(DATASET CONTENT):
★ ★ ★ ★ ★ ★ ★

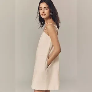 This minimalist mini dress features adjustable, barely there straps, side pockets, and seam detailing – made from a breezy, cool linen blend.
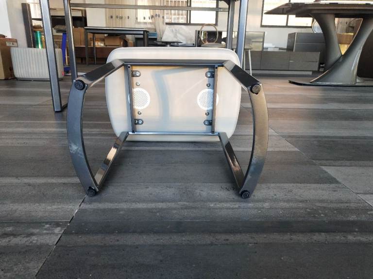 Base: Matte charcoal metal legs with U-shaped curved supports
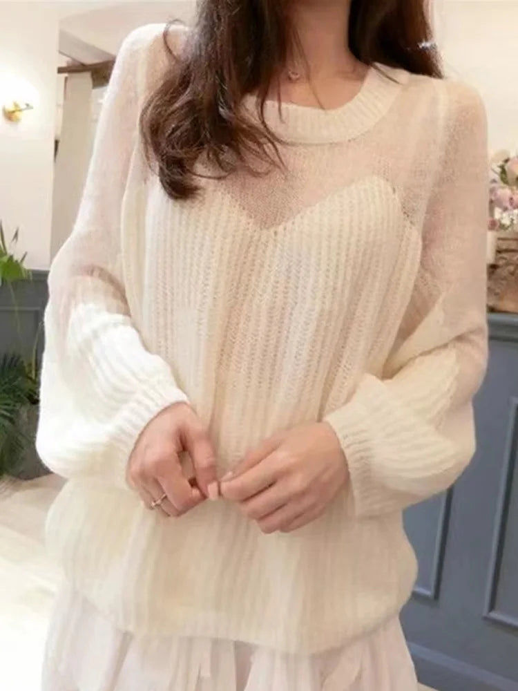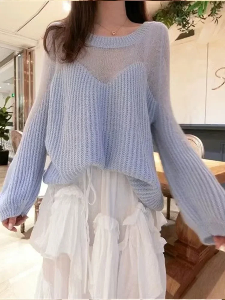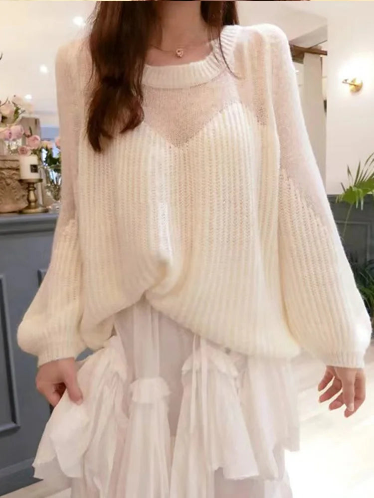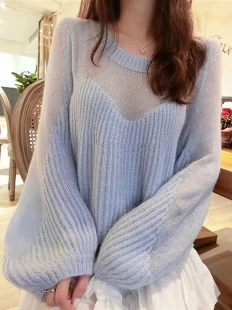 Autumn Women's Lantern Sleeve Sweater - Casual Loose Long Sleeve Hoodie, Breathable Knitted Top 6896
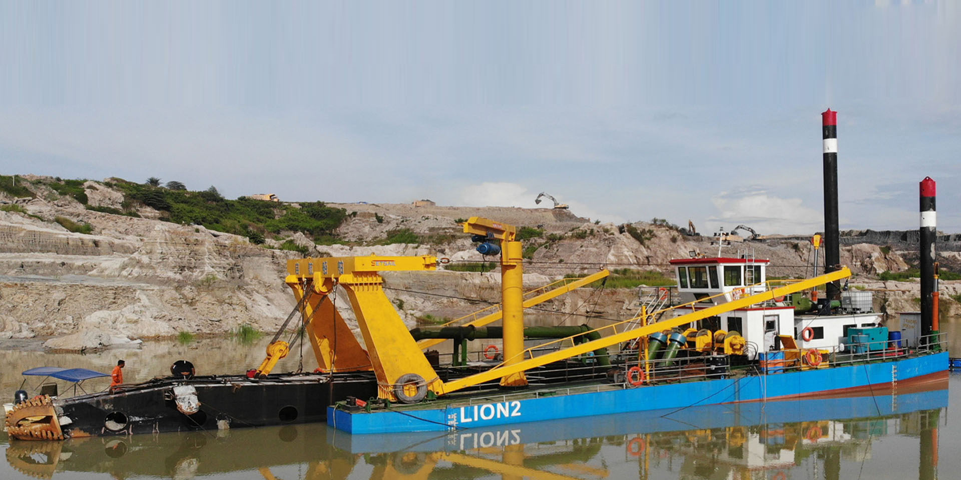 濰坊東洋??浦毓そㄔ斓?000流量全電動水下泵絞吸船服務(wù)馬來西亞錫礦治理項目現(xiàn)場
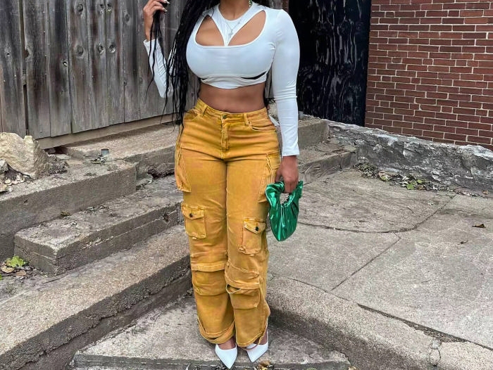 (Only Bottom)(Golden)2023 Styles Women Sexy&Fashion Autumn/Winter TikTok&Instagram Styles Jeans Long PantsSKU: #XF79030-4
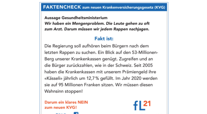 In diversen Aussendungen und bezahlten Beiträgen der Referendumsgruppe fl21 werden leider bewusst oder unbewusst Falschinformationen verbreitet, die es richtigzustellen gilt. Neustes Ziel der fl21...
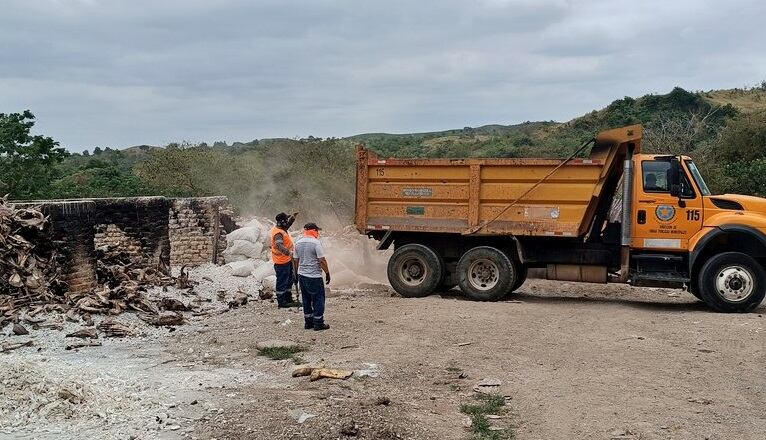 Personal municipal acudió al km 34 de la vía a la costa para participar en la demolición de un camal clandestino.

★ ★ ★ ★ ★ ★ ★

(HOW TO COMPLETE THIS TASK):
Everything in the entries above should be written out again exactly, except the images.

(TASK RESPONSE):
 This minimalist mini dress features adjustable, barely there straps, side pockets, and seam detailing – made from a breezy, cool linen blend.
 Base: Matte charcoal metal legs with U-shaped curved supports
 Autumn Women's Lantern Sleeve Sweater - Casual Loose Long Sleeve Hoodie, Breathable Knitted Top 6896
 濰坊東洋??浦毓そㄔ斓?000流量全電動水下泵絞吸船服務(wù)馬來西亞錫礦治理項目現(xiàn)場
 (Only Bottom)(Golden)2023 Styles Women Sexy&Fashion Autumn/Winter TikTok&Instagram Styles Jeans Long PantsSKU: #XF79030-4
 In diversen Aussendungen und bezahlten Beiträgen der Referendumsgruppe fl21 werden leider bewusst oder unbewusst Falschinformationen verbreitet, die es richtigzustellen gilt. Neustes Ziel der fl21...
 Personal municipal acudió al km 34 de la vía a la costa para participar en la demolición de un camal clandestino.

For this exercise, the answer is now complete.